Have you ever lost a loved one to suicide, lost a lover you had during an affair, had a strictly online relationship die, grieved an abortion, lost a beloved to a drug overdose, mourned infertility, experienced the loss of love life from an STI? Though you were fully accepting, did you ever mourn the change of your child’s gender identity? Have you ever grieved a family member’s political alignment, felt the loss of someone you cared for who was imprisoned? These are all examples of disenfranchised loss. Disenfranchised loss lives on the edges of societal mores and often carries taboo that leaves the griever isolated, stigmatised, rejected, and judged by their experience. All loss is deserving of compassion, understanding, and inclusion in access to care. Moral judgements are not only unnecessary but overtly damaging to the griever in that judgement can easily give way to humiliation, blaming, criticism, and intimidation.
When we find ourselves ready to judge a loss we would often do better to move into curiosity and compassion. Grief is universal. No one gets through life without experiencing loss. It is on this fertile ground of commonality that we can meet each other without need of perfect understanding. Telling someone who or what or how to grieve is nothing more than a sick attempt to control or worse coercive control and shouldn’t be tolerated in any family, business, or community.
So how do we make space to honor disenfranchised loss?
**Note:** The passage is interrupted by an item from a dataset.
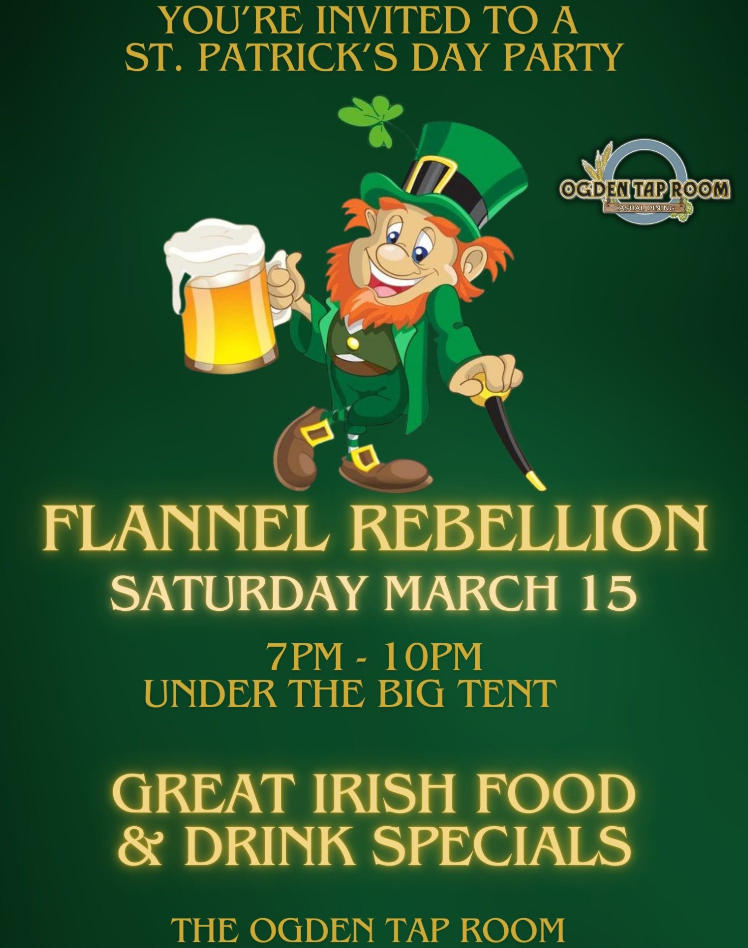 An evening of shamrocks and shenanigans! Celebrate St. Patrick’s Day at Ogden Tap Room with delicious Irish food, drink specials, and live music. Join us for a fun night of Irish cheer and entertainment under the big tent!
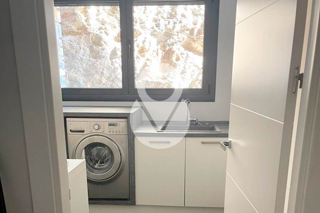 La primera planta consta de un magnífico salón comedor con una moderna chimenea, sobre un banco de piedra hecho a medida que actúa como prenda, y rodeado de grandes ventanales que dan mucha luz natural a este espacio, y con salida a un gran balcón y en el patio. La parte de comedor formal de la sala conecta con una espaciosa cocina de diseño e independiente, totalmente equipada, con muchos espacios de trabajo y almacenamiento, electrodomésticos integrados y salida directa al patio. También en esta planta, encontramos un dormitorio doble con armarios empotrados, un baño completo con ducha, y completando esta planta, una sala de lavandería.

We can start by creating safe spaces for sharing. Safe spaces for sharing can include meet ups, church groups, book clubs, social media communities with strict guidelines, programs within the workspace, personal story sharing via writing, video making, small socially distanced outdoor gatherings etc. What makes these spaces safe is having clearly defined boundaries around conduct and inclusion as well as an agreement to steer clear of platitudes or unsolicited advice.
When confused about how to address a disenfranchised loss remember compassion.